There was a pretext, of course. There always is. The pretext was that three teenagers, Israeli teenagers, in the settlements had been brutally murdered, captured and murdered. Israel claimed officially that they thought that they were alive, so therefore launched a long, several weeks’ assault on the West Bank, alleging that they were trying to find them alive. Meanwhile, the arrests, attacks and so on. It turns out that they knew immediately that they had been killed. Now, they also knew immediately that it was very unlikely that Hamas was involved. The government said they had certain knowledge that Hamas had done it, but their own leading specialists, like [Shlomi Eldar], had pointed out right away that the assault—which was a brutal crime—was very likely committed by members of a breakaway clan, the Qawasmeh clan in Hebron, which was not given a green light by Hamas and had been a thorn in their sides. And that, apparently, is true, if you look at the later arrests and punishments. Anyway, that was a pretext for this assault, killings in Gaza, too. That finally elicited a Hamas response. Then came Operation Protective Edge, the one which was just completed, and more brutal and destructive even the ones that preceded it.

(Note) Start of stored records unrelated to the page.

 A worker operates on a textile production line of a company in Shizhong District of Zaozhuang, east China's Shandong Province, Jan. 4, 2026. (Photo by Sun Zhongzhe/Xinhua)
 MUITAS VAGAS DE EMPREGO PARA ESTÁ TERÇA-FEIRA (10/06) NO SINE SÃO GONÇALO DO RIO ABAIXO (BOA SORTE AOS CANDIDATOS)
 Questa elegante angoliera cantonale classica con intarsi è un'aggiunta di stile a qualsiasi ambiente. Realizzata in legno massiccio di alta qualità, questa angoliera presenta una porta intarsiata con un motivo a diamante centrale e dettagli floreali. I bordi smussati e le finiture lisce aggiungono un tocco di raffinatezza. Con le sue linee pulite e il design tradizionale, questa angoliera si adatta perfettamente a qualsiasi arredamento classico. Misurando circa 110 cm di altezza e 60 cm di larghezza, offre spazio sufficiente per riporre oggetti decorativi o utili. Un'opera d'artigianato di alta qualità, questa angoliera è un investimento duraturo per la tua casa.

The pattern is very clear. And so far, at least, it appears to be continuing. The latest ceasefire was reached on August 26th. It was followed at once by Israel’s greatest land grab in 30 years, almost a thousand acres in the Gush Etzion area near what’s called Jerusalem, Greater Jerusalem, about five times the size of anything that Jerusalem ever was, taken over by Israel, annexed in violation of Security Council orders. The U.S. State Department informed the Israeli Embassy that Israeli—I’m quoting it now—"Israeli activity in Gush Etzion undermines American efforts to protect Israel at the United Nations," and urged that Israel shouldn’t provide ammunition for "those at the [United Nations] who would interpret [Israel’s] position as hardening." Actually, that warning was given 47 years ago, in September 1967, at the time of Israel’s first colonization, illegal colonization, of Gush Etzion. Israeli historian Gershom Gorenberg recently reminded us of this. Little has changed since, in the last 47 years, apart from the scale of the crimes, which continue, without a break, with constant U.S. support.

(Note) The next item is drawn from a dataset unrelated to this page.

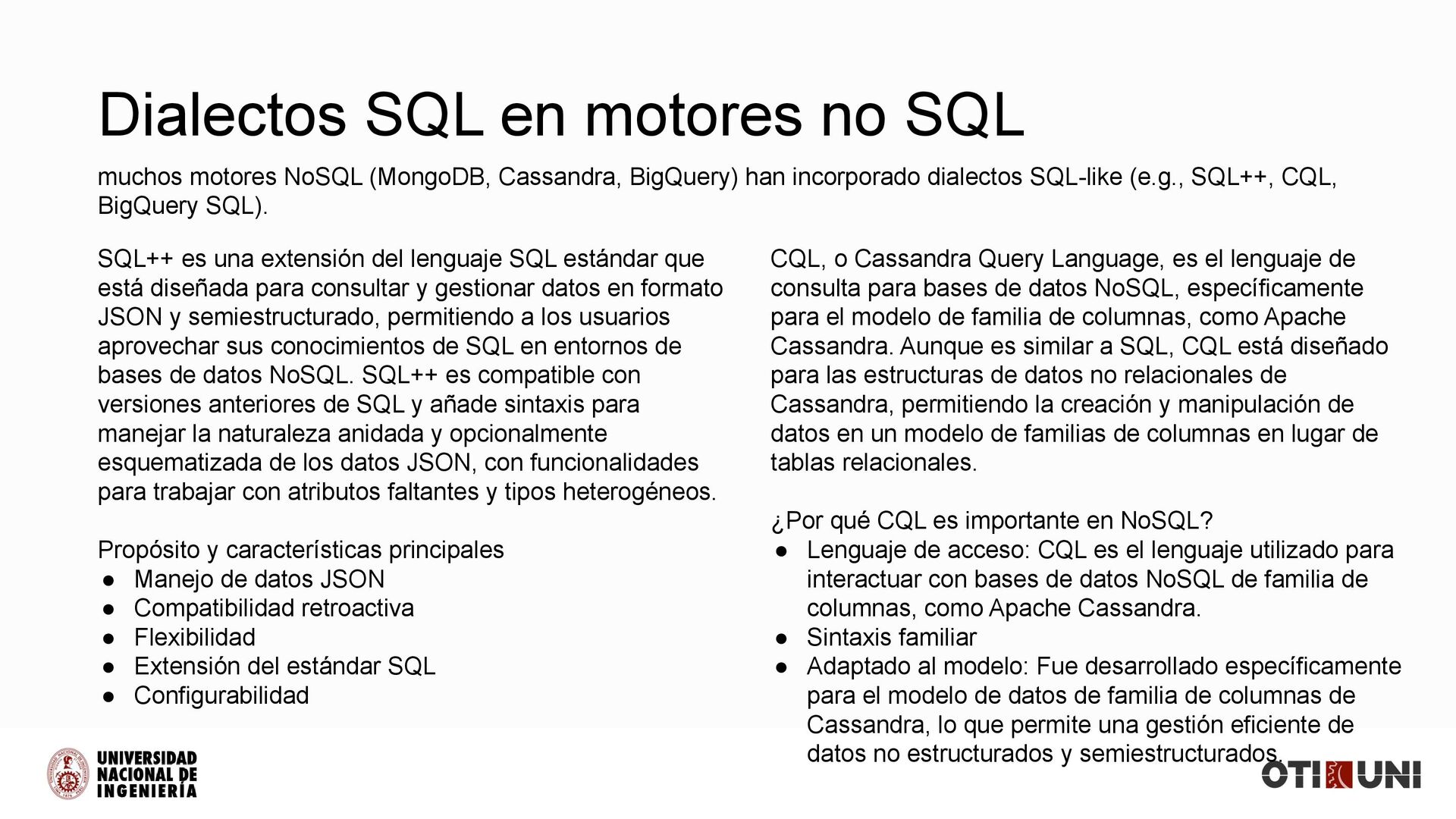 Cassandra, BigQuery) han incorporado dialectos SQL-like (e.g., SQL++, CQL, BigQuery SQL). SQL++ es una extensión del lenguaje SQL estándar que está diseñada para consultar y gestionar datos en formato JSON y semiestructurado, permitiendo a los usuarios aprovechar sus conocimientos de SQL en entornos de bases de datos NoSQL. SQL++ es compatible con versiones anteriores de SQL y añade sintaxis para manejar la naturaleza anidada y opcionalmente esquematizada de los datos JSON, con funcionalidades para trabajar con atributos faltantes y tipos heterogéneos. Propósito y características principales • Manejo de datos JSON • Compatibilidad retroactiva • Flexibilidad • Extensión del estándar SQL • Configurabilidad CQL, o Cassandra Query Language, es el lenguaje de consulta para bases de datos NoSQL, específicamente para el modelo de familia de columnas, como Apache Cassandra. Aunque es similar a SQL, CQL está diseñado para las estructuras de datos no relacionales de Cassandra, permitiendo la creación y manipulación de datos en un modelo de familias de columnas en lugar de tablas relacionales. ¿Por qué CQL es importante en NoSQL? • Lenguaje de acceso: CQL es el lenguaje utilizado para interactuar con bases de datos NoSQL de familia de columnas, como Apache Cassandra. • Sintaxis familiar • Adaptado al modelo: Fue desarrollado específicamente para el modelo de datos de familia de columnas de Cassandra, lo que permite una gestión eficiente de datos no estructurados y semiestructurados.

Well, as for the prospects, there is a conventional picture. It’s repeated constantly on all sides—Israel, Palestine, independent commentators, diplomats. The picture that’s presented is that there are two alternatives: either the two-state settlement, which represents an overwhelming international consensus, virtually everyone, and if that fails, there will have to be one state—Israel will take over the West Bank, the Palestinians will hand over the keys, as it’s sometimes said. Palestinians often have favored that. They say then they will be able to carry out a civil rights struggle, maybe modeled on the anti-apartheid struggle in South Africa, fight for civil rights within the whole one state controlled by Israel. Now, Israelis criticize that on the grounds of what is called "the demographic problem," the fact that there will be too many non-Jews in a Jewish state—in fact, pretty soon a majority. Those are the alternatives that are presented, overwhelmingly, hardly an exception.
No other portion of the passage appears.